Eddie Colon on the bass.

New Album

Back in the studio for the first time in seven years, the band members wanted to do something big. And with their new album, titled “El Gran Chantaje,” they do, as it features a range of styles larger than anything the band has attempted in the past.

Last year was supposed to be a transformative year for the band. The album was conceived and musicians were planning to fly in from around the world to contribute, plus PLC had a packed schedule of shows planned.

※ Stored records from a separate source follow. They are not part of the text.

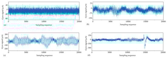During orientation measurement in a tunnel, gyro data are not only affected by the constant and random drift errors of the sensor but also the external environmental factors, such as blasting, construction vibration, air draft-induced vibration of passing vehicles [,], magnetic field interference, and changes in temperature, humidity and air pressure [,]. These interference factors (especially physical vibration) cause abnormalities of the gyro signal, which contains significant non-stationary noise, leading to distortion of the orientation results [].
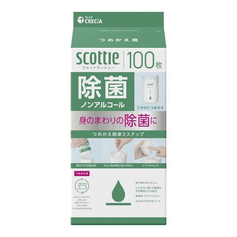 商品名:日本製紙クレシア スコッティ ウェットティシュー 除菌 ノンアルコール つめかえ用 100枚入
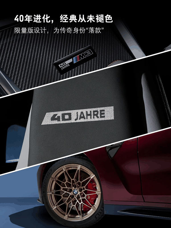 首次引入独有黑色外框双肾进气格栅搭配熏黑车灯组件,车顶、迎宾踏板、前排座椅头枕及中央杯架配有 “40 周年限量版”专属徽标 ,标配 BMW M 碳纤维桶形座椅及带有加热功能的 BMW M 多功能 AIcantara 方向盘。
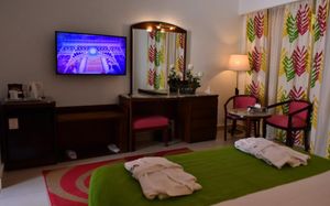 Также в номерах курортного отеля Gafy предусмотрены кондиционер и мини-бар. Из каждого номера открывается вид на живописный сад.
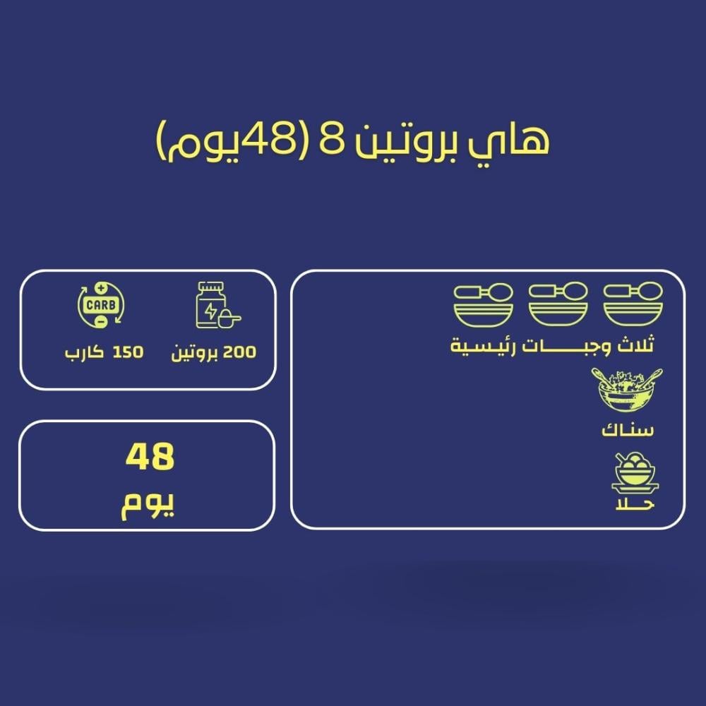 - باقة هاي بروتين 8 تعتمد على مكونات عالية الجودة وتقنيات تحضير متقدمة لتقديم وجبات صحية ولذيذة في الوقت نفسه.

Then, COVID. “We had about 30 gigs booked in April, then everything shut down,” Mullin recalls. “Thirty gigs! At $1,000 a show at least, that’s money that could go a long way towards getting an album done.”

Mullin applied for and received a $10,000 grant from the Iowa Arts Council, which is covering the album’s production costs. Beyond that, members have been using every available moment to record, and guest musicians have been accommodated whenever schedules have allowed.

All of this has made the recording schedule more chaotic than planned, but PLC is making it work. They hope to release the album this spring and that venues can safely schedule shows by summer.

Whenever the album is ready and shows resume, their fans—new and old—are sure to be waiting. “PLC is one of the reasons why Des Moines is cool,” says Amner Martinez, co-founder of the Latino Arts Initiative. “They bring us what we would only be able to get in a big city. We shouldn’t take them for granted.”